Este señor, Mayor Zaragoza, tiene mi teléfono móvil y mi correo electrónico, porque él me los pidió después de cruzarnos varios mensajes y al término de nuestra conversación, que discurrió en un tono de cordialidad y de máxima colaboración por su parte: él no ha desmentido ni a mí ni a nadie de la edición cordobesa de ABC el contenido de la noticia a raíz de sus declaraciones, y hace ya cuatro días que publicamos la información. Las notas que tomé durante la entrevista telefónica, y que conservo, la inmediatez con la que transcribí sus palabras a los minutos de colgar, la experiencia de dos décadas de ejercicio y la diligencia que se le presupone a cualquier periodista que trabaje en esta Casa habrían de bastar para concluir —que se escribe sin tilde— que lo que plasmé sobre el papel se ajustó lo máximo posible a lo que había escuchado unos momentos antes.

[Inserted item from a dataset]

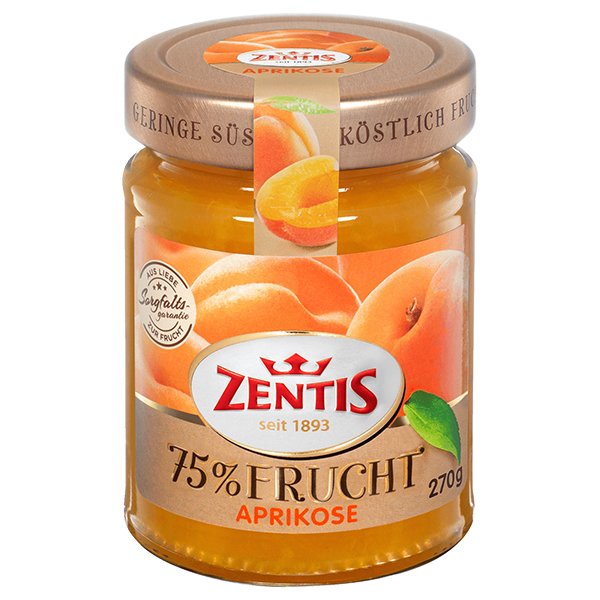 ZENTIS německá marmeláda nejvyšší kvality s podílem ovoce 75% - meruňka - 270gZentis je německá značka, která od roku 1893 vyrábí kvalitní zavařeniny a marmelády, které patří k výrobkům nejvyšší kvality a jsou vhodné pro opravdové znalce a gurmány. Zavařeniny a marmelády od značky Zentis obsahují vždy velice vysoký podíl ovoce a mají autentickou chuť. Jejich produkty jsou výrazně méně sladké nežli marmelády, které jsou běžně k dostání.Marmeládou a zavařeninou od německé značky Zentis rozhodně neprohlupíte a můžete ji použít nejen na rohlík a chleba při snídani, ale i na pokrmy jako jsou palačinky, lívance anebo pečené sladké pečivo typu koláčů a dortů.

Pero sucede que el tal jefe de prensa, que no estaba en mi mesa cuando hablé con Mayor Zaragoza; que no escuchó al presidente de la comisión, por ejemplo, negarse a mandarme por correo el informe tal y como le pedí porque, según se excusó, «aunque el documento está acabado sólo lo puede tener el Ayuntamiento por el momento»; pues ese cargo de confianza ciega de la máxima autoridad municipal escribe a trompicones en el móvil que no hubo entrevista y que lo que publicamos «carece de veracidad». Entiendo que para hacer ese tipo de consideraciones hacia un profesional —iba a escribir un compañero— uno ha de saberse con unos méritos incuestionables, porque decirle a un periodista que miente es como reprocharle a un bombero que arrastra conductas de pirómano, a un guardia de tráfico que va de conductor suicida o a un político que mete la mano en las cuentas públicas. El principal patrimonio de un periodista es su credibilidad, su honradez, su palabra. Si le quitas eso, o si lo intentas, le estás quitando todo, o lo estás intentando. Eso habría de saberlo cualquiera que se dedique o se haya dedicado a esto que hacemos a diario.